同大学は「地域との連携」をテーマに、離島で暮らす子供たちへ教育の機会を提供する方法について研究を続けてきた。その一環として、沖縄本島の大学生と離島の子供たちをつなげる交流事業を展開している。
シンポジウムで初めに登壇した同大学の盛口教授は、八重山諸島の竹富町立古見小学校が今年3月、少子化に伴い廃校となり、7㌔離れた同町立大原小学校に統合された事例を紹介。「離島の集落ごとの文化や自然を学び、伝えていく人々に当たる子供たちが地域からいなくなってしまっている」ことを問題視し、「子供たちがいなくなっている地域や、子供たちが残っていても、地域の伝統や自然と切り離されつつある中で、われわれに何ができるか、研究の背景にある」と述べた。
その上で、「子供たちが島を出ていく前に、島の自然や文化に興味を持ってもらい、いずれ彼らが島に戻って、それらを継承してくれること」を願って、2011年から、石垣島・白保集落の子供たちと、同大学の学生たちの交流事業を開始したことの意義を語った。
続いて、同大学地域研究所の特別研究員を務める後藤亜樹氏が活動報告を行った。観光客などが海での体験活動を楽しんでいる一方で、地元の子供たちが、地域の海で遊んでいない現状があったと明かした上で、同大学の学生をリーダーにしたキャンプなどの環境教育プログラムを実施することになったと説明。魚釣りや、サンゴ礁の観察、ウミガメの生体クイズなど、地域の自然に密着した活動などを紹介した。
小学生の頃にキャンプに参加した経験を持ち、今年は学生側として参加した、白保集落出身の同大生・多宇諒真さんのインタビューも紹介された。インタビューの中で多宇さんは、小学生の頃に同プログラムで大学生らと夜光貝アクセサリーを制作したことや、伝統的な「八角凧(だこ)」を作った思い出が今でも印象に残っていると振り返り、「さまざまなことが体験できて楽しかった」ことがきっかけで、教育に関心を持つようになったと語った。

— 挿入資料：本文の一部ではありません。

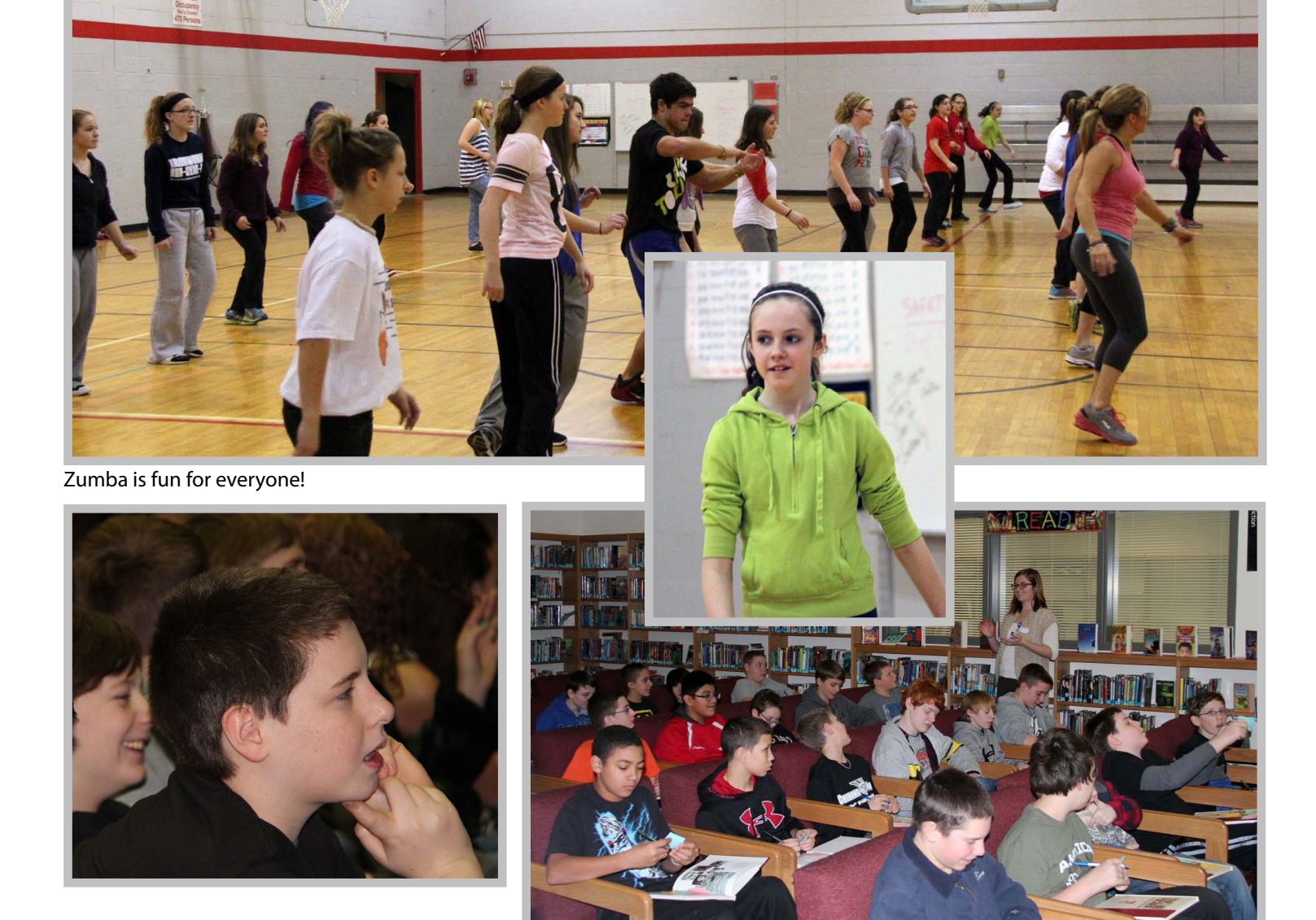
Healthy relationships, drugs & alcohol and bullying were among the day's topics..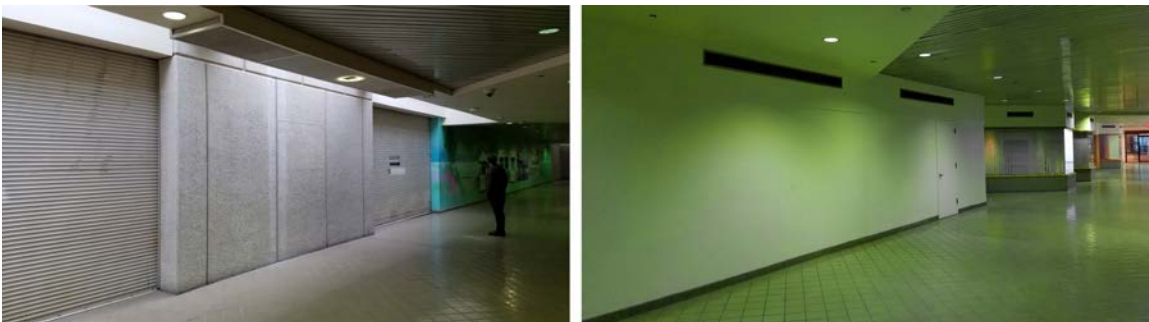
Concourse leading to Imagination Station

The second potential site is the corridor below the Renaissance Hotel that leads to the lower entrance to the Imagination Station. Many families that park in the Vistula Parking Garage to visit the Imagination Station traverse this corridor. With the new IMAX Theater under construction, this traffic is sure to increase.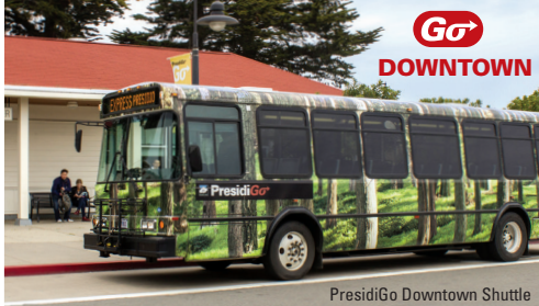
PresidiGo Downtown Shuttle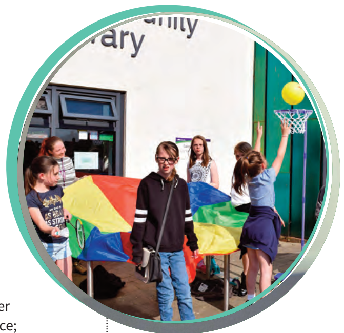
The Launch of the Move It equipment at Gainsborough Library.

New Chapters has also worked to improve the availability of resources, such as Books on Prescription and is building other unique reading lists suggested by people with lived experience; such as those affected by addiction or bereavement by suicide.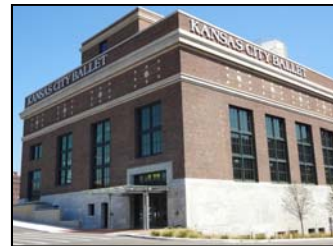
Concrete Restoration Todd Bolender Center for Dance Kansas City, MO

Unified Govt. of Wyandotte Co. Kansas Heavy Construction, LLC Delich, Roth and Goodwillie, P.A. Geiger Ready-Mix Co., Inc.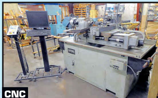
> HARDINGE/CENTROID CNC CHUCKER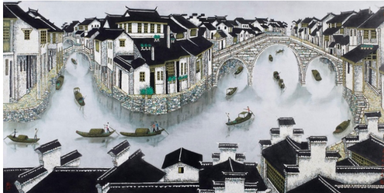
Figure 1 Qiao Shiguang 《Jiangnan Water Town》

the present day and is still a source of artistic innovation. Whether it is for private space decoration or public art display, it shows excellent adaptability and aesthetic expression, injecting more fresh inspiration and vitality into lacquer art, and ensuring the relevance and practicality of this ancient technique in contemporary society.

11年から14年間続く同プログラムについて、後藤氏は「今一番の課題は世代交代だ」として、「今後は地域の皆さんと一緒に、活動を続けていけるかが重要だ」と語り、地元主体での活動の継続に期待をにじませた。
同大学の上原周子教授は、大学生の教育実習の場として離島が持つ可能性に着目し、石垣島の学童施設「そらとかぜ」で昨年から実施している交流会の活動を紹介した。

上原氏は、「子供たちが楽しみつつ、学びや気付きを得られるよう学生たちと工夫を凝らして準備した」と活動をアピール、今後に向けて「離島の自然や文化の多様性を生かした教育実践を模索していきたい」と語った。交流会に参加した上原ゼミの学生は、「来年も行きたいし、行くだけではなく、他の方法でもつながりたい」と感想を寄せた。

盛口氏は「県出身の大学生でも、離島に住んでいる子供たちと接する機会は少ない」として、これらのプログラムで得た経験が「小学校の教員になった時に大きな財産になる」と総括した。
教員を目指す同大学の学生たちが、大学のない離島を舞台に教育実践をすることで、沖縄での新たな教育のあり方が見つかりつつある。今後の同大学のさらなる研究に注目が集まる。